# Fuji Gran Fondo Fit?



## PsyDoc (Feb 3, 2004)

Does anyone have experience with the fit of the Gran Fondo? I'm getting back to road cycling after a cycling accident that broke my back in two places 5-years ago. I'm fused from L5 to T10. I started back cycling around my neighborhood two-years ago and have worked up to 17 miles. Voluntarily giving up cycling or moving to a stationary bike is a no-go for me. I've ridden since I was 4 and been a roadie for 33 years.

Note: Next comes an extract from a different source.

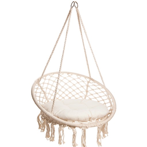 Naturalny materiał zapewnia także prawidłową wentylację, co utrzymuje komfort korzystania z wiszącego fotela nawet w upalne dni.
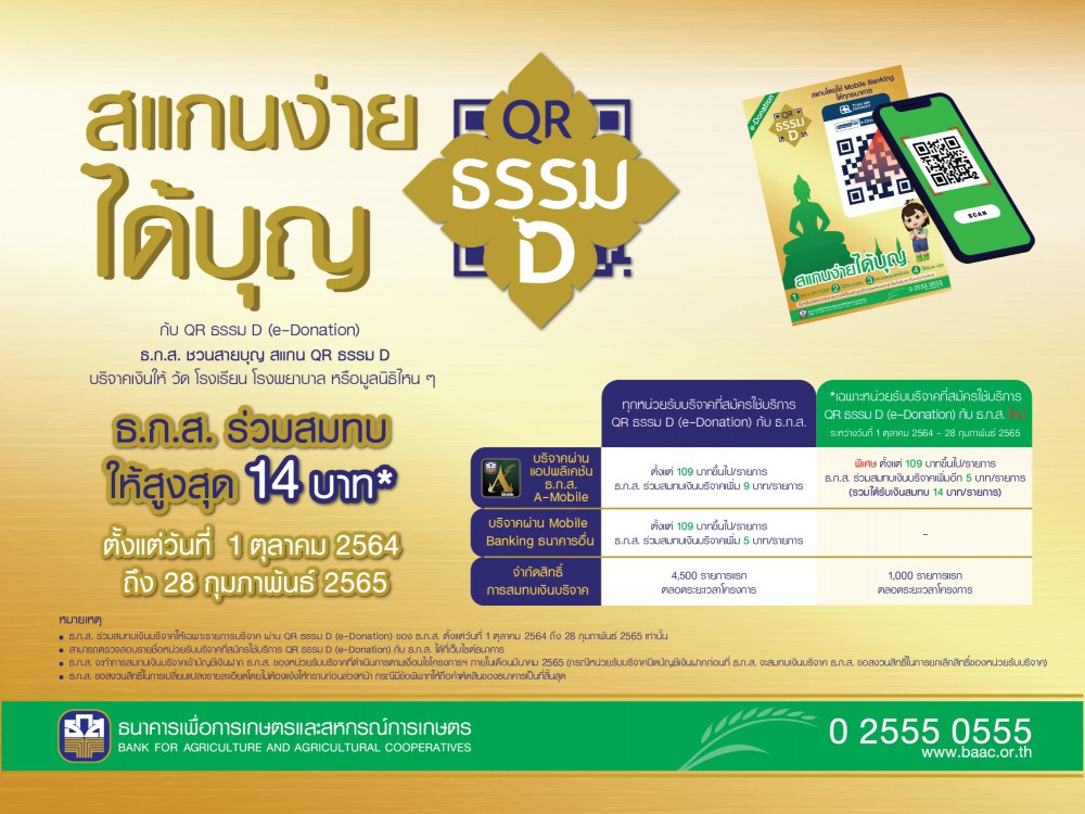 นอกจากนี้ ธ.ก.ส. ยังร่วมทำบุญกับลูกค้าทุกท่านที่ใช้บริการ QR ธรรม Dโดยทุกยอดการบริจาคตั้งแต่ 109 บาทขึ้นไป ธ.ก.ส. จะจ่ายเงินสมทบให้กับหน่วยรับบริจาคที่มีระบบ e-Donation ผ่าน ธ.ก.ส. เพิ่มอีก9 บาทต่อรายการ และกรณีเป็นหน่วยรับบริจาคที่เข้าร่วม QR ธรรม D (e-Donation) ในช่วงระหว่างวันที่ 1 ตุลาคม 2564 ถึง 28 กุมภาพันธ์ 2565 ธ.ก.ส. จะสมทบให้กับหน่วยรับบริจาคเพิ่มอีก 5 บาทต่อรายการ ในทุกยอดการบริจาคตั้งแต่ 109 บาทขึ้นไป (รวมได้รับเงินสมทบ 14 บาท/รายการ)จำนวน 5,500 รายการแรกระยะเวลาร่วมสมทบตั้งแต่วันนี้ ถึง 28 กุมภาพันธ์ 2565

I've been riding a Santa Cruz Highball I bought back in 2015. At that time, I needed a low standover, couldn't throw my leg over a "traditional" toptube, wider tires made bumps tolerable, and a more upright position. I'm riding a Large with 32mm tires and I believe I could go as low as 28mm and still keep my back happy. The Highball measures - 

Stack of 623, Reach 429, TT 625, HT 100, STA 72.5, HTA is 70.5. Stem started out at 50mm and I've progressed to a 100 (84 degree). 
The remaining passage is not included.